Abstract

Abstract. Changes in the depth of the freshwater–seawater interface in epishelf lakes have been used to infer long-term changes in the minimum thickness of ice shelves; however, little is known about the dynamics of epishelf lakes and what other factors may influence their depth. Continuous observations collected between 2011 and 2014 in the Milne Fiord epishelf lake, in the Canadian Arctic, showed that the depth of the halocline varied seasonally by up to 3.3 m, which was comparable to interannual variability. The seasonal depth variation was controlled by the magnitude of surface meltwater inflow and the hydraulics of the inferred outflow pathway, a narrow basal channel in the Milne Ice Shelf. When seasonal variation and an episodic mixing of the halocline were accounted for, long-term records of depth indicated there was no significant change in thickness of ice along the basal channel from 1983 to 2004, followed by a period of steady thinning at 0.50 m a−1 between 2004 and 2011. Rapid thinning at 1.15 m a−1 then occurred from 2011 to 2014, corresponding to a period of warming regional air temperatures.
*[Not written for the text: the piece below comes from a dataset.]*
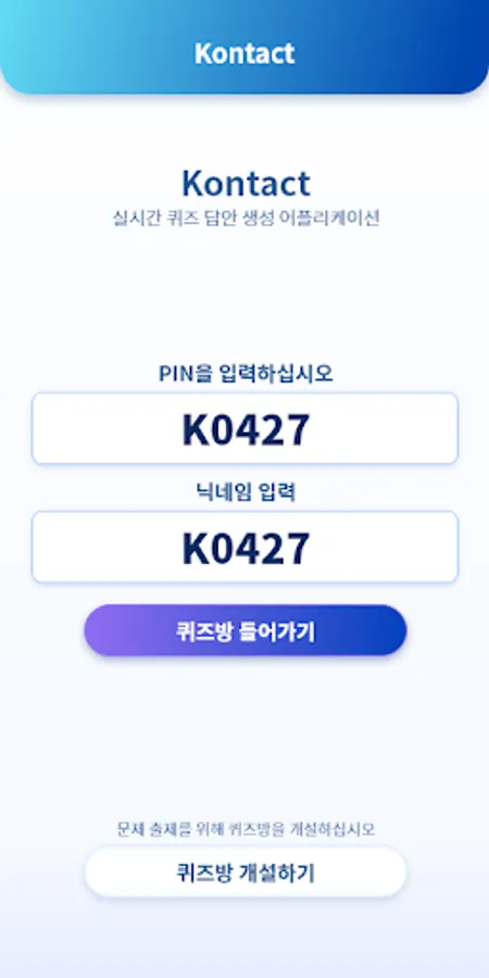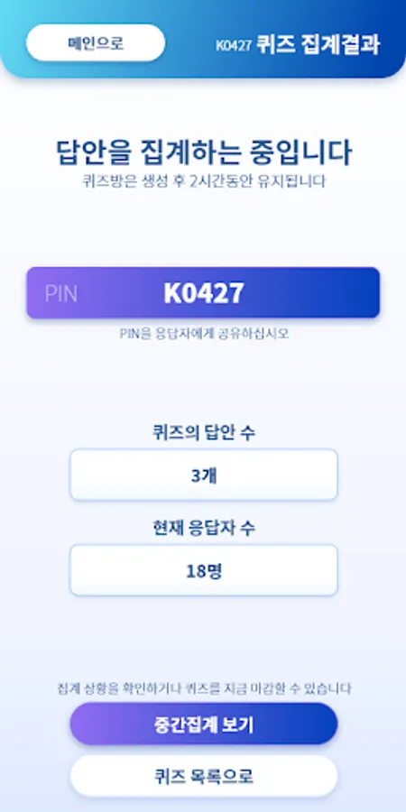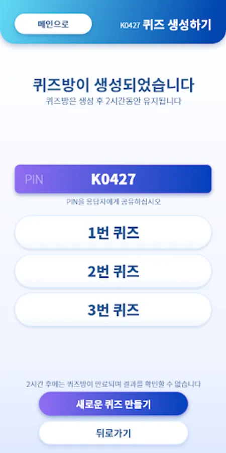 2. When opened, a quiz room is automatically created and a PIN is assigned. Share this PIN with respondents. The PIN is not replaced and the quiz room itself only lasts for 2 hours. The quiz room automatically expires after 2 hours.

Continued warming is expected to lead to the breakup of the ice shelf and the imminent loss of the last known epishelf lake in the Arctic.

Highlights

  • Polar aquatic ecosystems that depend on ice for their physical containment, for their surface covering, or as a source of freshwater are highly sensitive to climate conditions (White et al, 2007; Prowse et al, 2011; Wrona et al, 2016)

  • In this study we aimed to identify factors controlling changes in the water column structure and the depth of the halocline of the last known epishelf lake in the Arctic, in Milne Fiord, Ellesmere Island, and to evaluate how these variations were related to changes in the spatial extent of the lake and to the state of the Milne Ice Shelf (MIS)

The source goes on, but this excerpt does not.